Hepper is reader-supported. When you buy via links on our site, we may earn an affiliate commission at no cost to you. Learn more.

My Cat Ate a Fly, What Should I Do? Vet Approved Advice

Gregory Iacono

By Gregory Iacono

close up of a house fly

Vet approved

Dr. Karyn Kanowski Photo

Reviewed & Fact-Checked By

Dr. Karyn Kanowski

BVSc MRCVS (Veterinarian)

The information is current and up-to-date in accordance with the latest veterinarian research.

Learn more »

Cats are natural predators that will catch and eat all sorts of small critters. If your cat just ate a fly and you’re worried, the first thing to do is stay calm. There is no need to panic, and you definitely don’t need to feed them a spider to catch the fly!

If your cat is showing any signs of choking, vomiting, pain, or discomfort, an immediate visit to your veterinarian or emergency pet clinic is necessaryIf, however, they swallowed a fly and

seem to be okay, keep an eye on them for an hour or so. That way, if they have any sort of adverse reaction, you’ll see it and be able to respond accordingly.

When Can Eating Flies Cause Health Issues for a Cat?

Although the risk is relatively low, several health issues can be caused if your cat eats flies frequently. Below are some of the reasons that eating flies can cause health issues for a cat.

  • Flies often come in contact with insecticides and herbicides. They can then transfer these poisonous chemicals to your cat and make them sick.
  • Flies carry parasites that can infect your cat’s stomach, including the protozoaIsospora, which can cause vomiting and diarrhea in cats, particularly kittens or immunocompromised individuals.
house fly on a leaf
Image Credit: VISHNU_KV, Pixabay

When Should You Take Your Cat to the Vet after Eating a Fly?

As we mentioned, if your cat eats a single fly and shows no signs of distress, there’s probably nothing to worry about. However, if your cat shows the following signs, it is essential to take them to your veterinarian.

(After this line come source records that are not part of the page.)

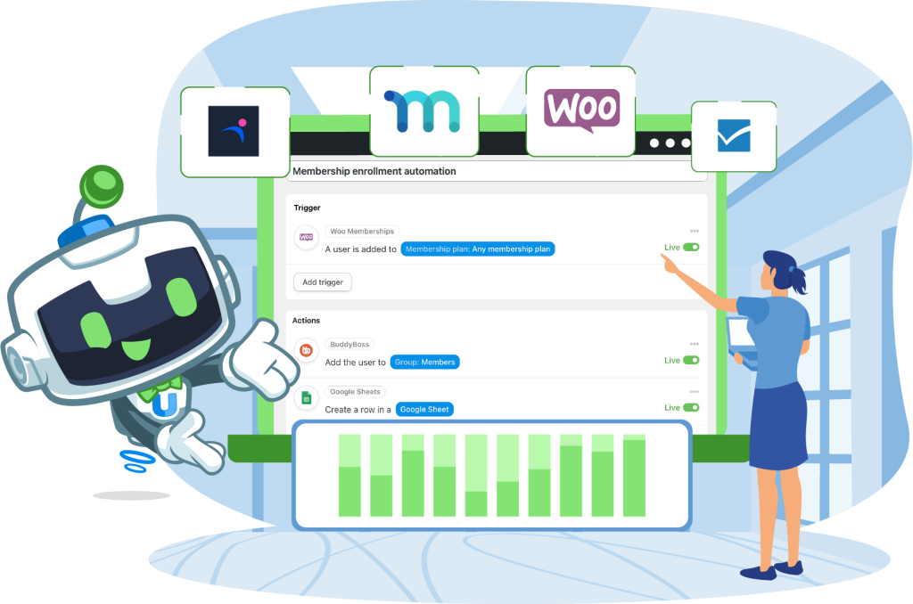 Engagement is the key indicator of any successful membership platform. But trying to engage with every member individually or monitoring each member’s activities to provide personalized feedback would require more hours than exist in a day. Unless you leave your members in Uncanny Automator’s delicate digital hands.
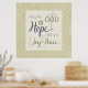 Confortable versículo de Escritura de Romanos 15:13, "Que el Dios de la Esperanza te llene de toda alegría y paz" en un estilo tipográfico contemporáneo con colores apagados. Diseñado en memoria de Kim.
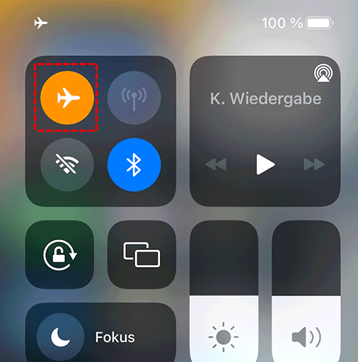 Schritt 1. Wischen Sie nach unten, um das „Kontrollzentrum“ aufzurufen, und klicken Sie dann auf das Flugzeugsymbol, um den Flugzeugmodus auszuschalten.
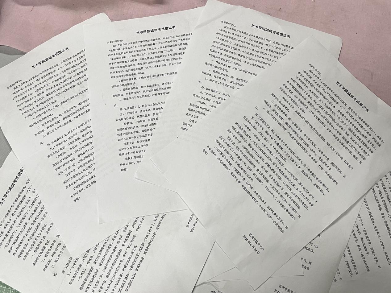 艺术学院还组织学生们签订了《诚信考试承诺书》。这份承诺书不仅是一份对诚信考试的郑重承诺,更是一份对自我品德的严格要求。学生们纷纷表示,将认真履行承诺书中的每一项内容,以实际行动践行诚信精神。
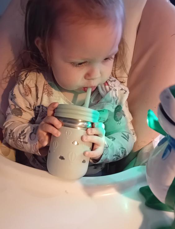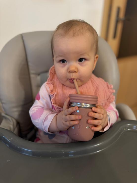 Pohárik je pevný, dieťa ho dobre drží v rukách, silikónový povrch sa nešmýka. Slamka je ohybná, takže dieťa z nej pije bez problémov. Oceňujem najmä jednoduché čistenie, všetko ide rýchlo rozobrať. Pre úplne malé deti však nie je ideálny, viac sa hodí pre deti približne od jedného roka.☺️

  • Diarrhea and vomiting that lasts more than 24 hours
  • Salivating much more than usual
  • Trouble breathing
  • Problems with coordination

These signs could be linked to the fly they ate, or may be unrelated. Either way, these signs warrant a visit to the vet, and it is worth mentioning the fly.

What’s the Best Way to Avoid Cat Health Issues Due to Flies?

The best way to ensure your favorite feline has no health issues caused by eating flies is to get rid of the flies! Depending on where you live, that might be easier said than done, especially in southern areas of the United States. Below are a few of the best methods of keeping flies away so your cat won’t turn them into a snack.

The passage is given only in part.